■ RECORDS TO PROCESS ■
____________

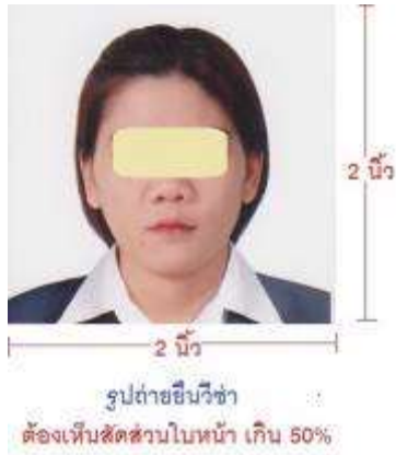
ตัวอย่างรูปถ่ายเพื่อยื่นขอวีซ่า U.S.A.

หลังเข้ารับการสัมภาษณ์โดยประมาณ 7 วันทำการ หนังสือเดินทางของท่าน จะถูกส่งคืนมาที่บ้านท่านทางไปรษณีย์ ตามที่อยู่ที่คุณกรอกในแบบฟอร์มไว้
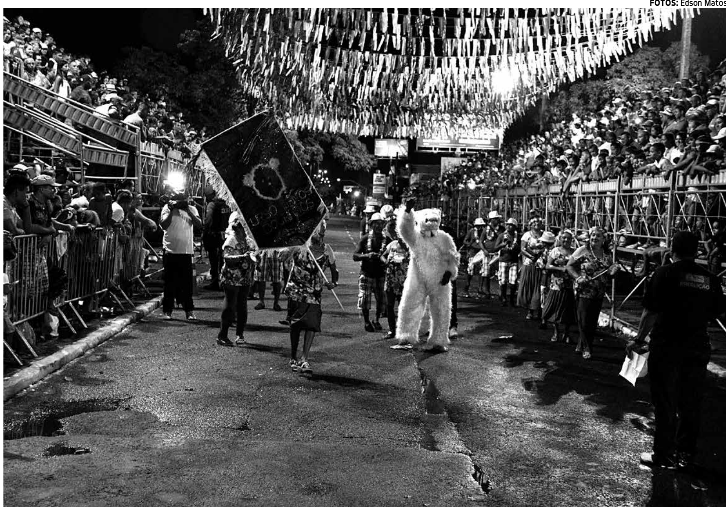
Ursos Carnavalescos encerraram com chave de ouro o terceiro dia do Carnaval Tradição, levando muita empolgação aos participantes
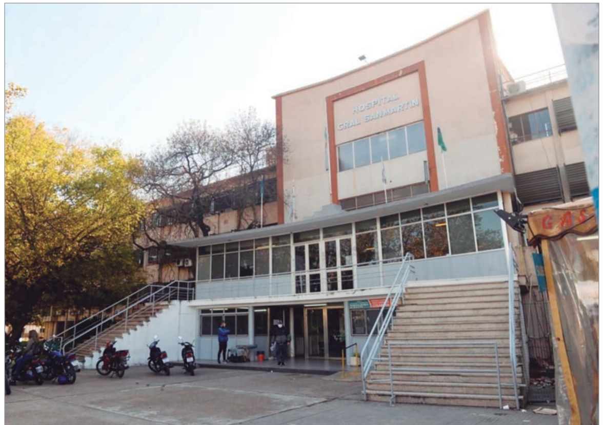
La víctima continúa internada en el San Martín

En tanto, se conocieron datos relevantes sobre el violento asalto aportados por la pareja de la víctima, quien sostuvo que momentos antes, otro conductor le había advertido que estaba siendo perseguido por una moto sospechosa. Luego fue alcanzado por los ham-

____________

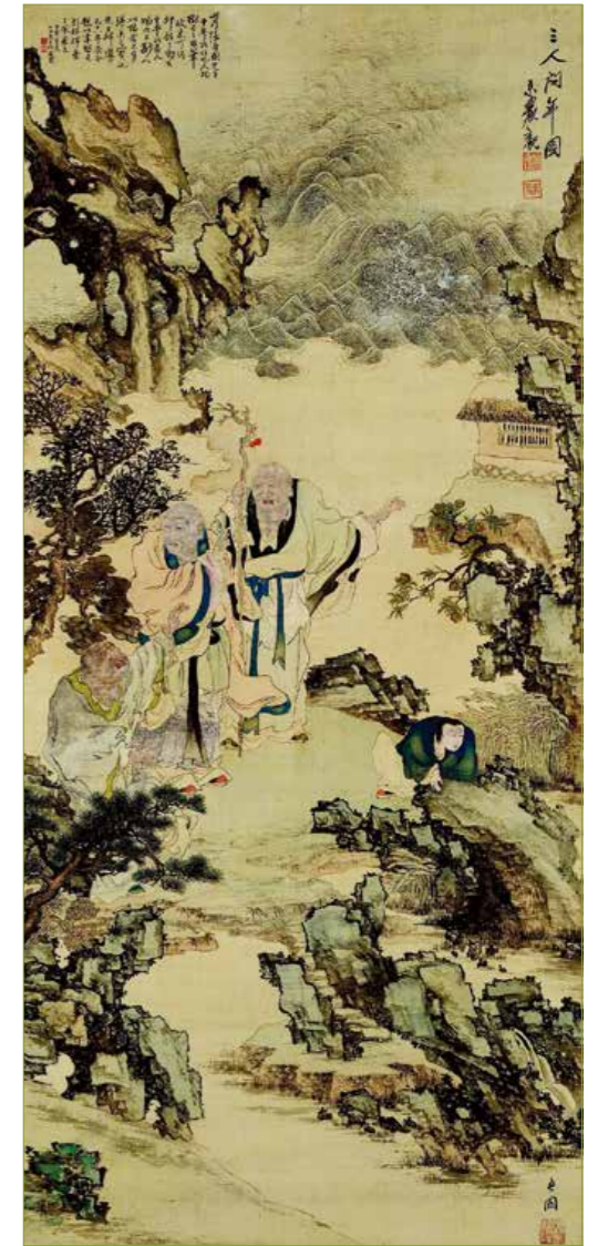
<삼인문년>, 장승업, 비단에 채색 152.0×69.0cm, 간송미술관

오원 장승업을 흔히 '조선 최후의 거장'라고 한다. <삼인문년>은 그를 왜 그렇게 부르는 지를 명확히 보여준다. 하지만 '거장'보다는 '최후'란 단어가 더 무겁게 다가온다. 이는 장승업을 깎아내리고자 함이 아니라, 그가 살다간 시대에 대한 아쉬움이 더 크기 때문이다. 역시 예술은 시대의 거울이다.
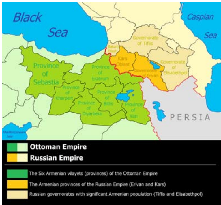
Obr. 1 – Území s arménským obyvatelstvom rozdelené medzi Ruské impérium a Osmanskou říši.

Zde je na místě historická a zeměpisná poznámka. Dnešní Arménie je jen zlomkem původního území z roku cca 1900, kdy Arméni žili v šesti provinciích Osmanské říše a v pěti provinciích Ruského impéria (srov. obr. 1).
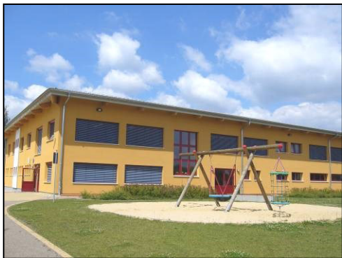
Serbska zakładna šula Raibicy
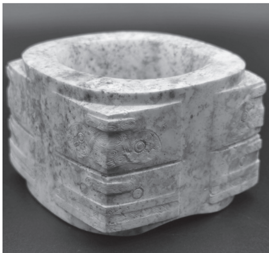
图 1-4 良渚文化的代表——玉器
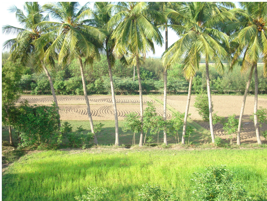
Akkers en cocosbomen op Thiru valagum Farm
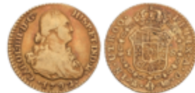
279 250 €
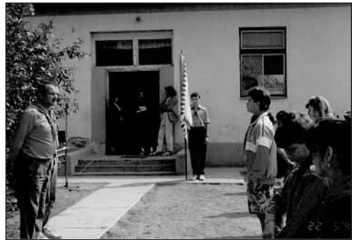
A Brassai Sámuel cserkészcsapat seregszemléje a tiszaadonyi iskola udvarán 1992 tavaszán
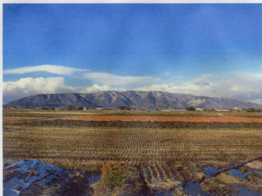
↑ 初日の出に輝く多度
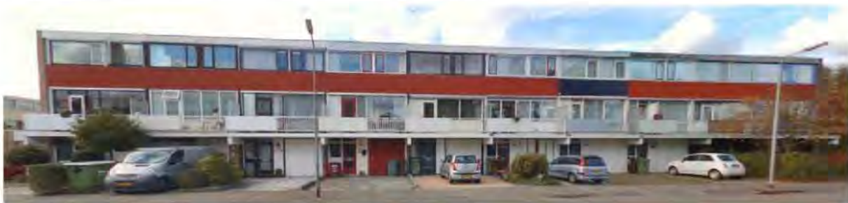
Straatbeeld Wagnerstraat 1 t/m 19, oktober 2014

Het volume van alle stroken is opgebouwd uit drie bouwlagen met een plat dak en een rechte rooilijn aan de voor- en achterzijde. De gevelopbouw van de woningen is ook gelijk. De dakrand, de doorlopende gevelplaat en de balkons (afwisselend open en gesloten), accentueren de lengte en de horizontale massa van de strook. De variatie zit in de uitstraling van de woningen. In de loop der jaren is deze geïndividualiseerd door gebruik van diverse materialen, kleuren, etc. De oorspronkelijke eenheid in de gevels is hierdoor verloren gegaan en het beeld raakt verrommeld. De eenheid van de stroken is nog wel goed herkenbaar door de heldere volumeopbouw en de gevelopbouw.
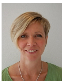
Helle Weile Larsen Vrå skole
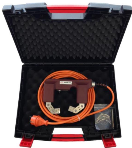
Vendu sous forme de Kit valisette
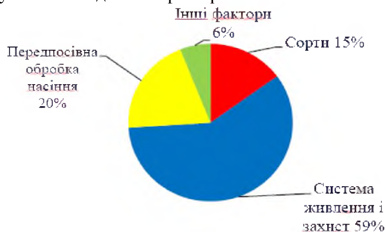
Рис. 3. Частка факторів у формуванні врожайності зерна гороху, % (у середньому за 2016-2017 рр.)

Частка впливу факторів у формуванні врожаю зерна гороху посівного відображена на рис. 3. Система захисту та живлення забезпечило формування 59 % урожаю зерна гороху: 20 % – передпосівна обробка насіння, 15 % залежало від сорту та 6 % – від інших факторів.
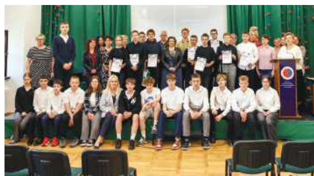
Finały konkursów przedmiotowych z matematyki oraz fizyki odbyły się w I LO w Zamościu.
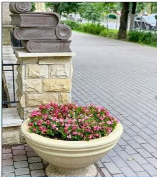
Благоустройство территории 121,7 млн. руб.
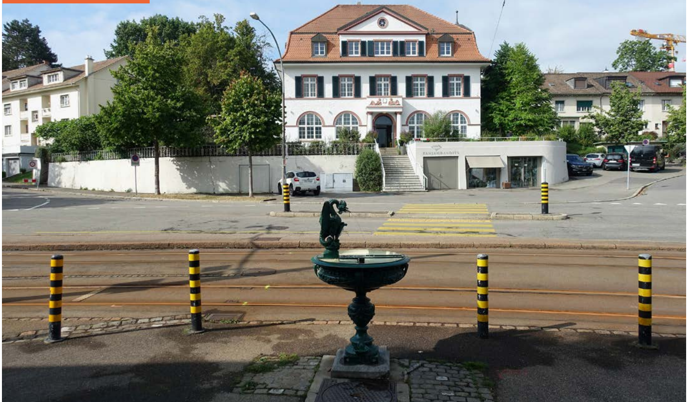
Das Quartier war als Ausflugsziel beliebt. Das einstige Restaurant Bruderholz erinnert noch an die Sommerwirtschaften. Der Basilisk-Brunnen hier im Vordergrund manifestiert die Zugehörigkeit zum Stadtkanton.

____________

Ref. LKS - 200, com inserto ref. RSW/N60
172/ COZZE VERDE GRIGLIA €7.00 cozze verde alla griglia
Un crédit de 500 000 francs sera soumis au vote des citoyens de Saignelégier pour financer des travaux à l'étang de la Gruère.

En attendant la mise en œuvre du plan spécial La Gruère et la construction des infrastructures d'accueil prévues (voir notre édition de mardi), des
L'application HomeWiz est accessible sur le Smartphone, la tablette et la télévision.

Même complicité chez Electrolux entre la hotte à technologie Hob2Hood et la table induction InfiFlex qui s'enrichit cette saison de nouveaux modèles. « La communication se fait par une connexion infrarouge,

____________

■ ASSIGNMENT ■
Lines of the material that contain the word "Частка" are to be gathered.

■ TASK OUTPUT ■
Рис. 3. Частка факторів у формуванні врожайності зерна гороху, % (у середньому за 2016-2017 рр.)
Частка впливу факторів у формуванні врожаю зерна гороху посівного відображена на рис. 3. Система захисту та живлення забезпечило формування 59 % урожаю зерна гороху: 20 % – передпосівна обробка насіння, 15 % залежало від сорту та 6 % – від інших факторів.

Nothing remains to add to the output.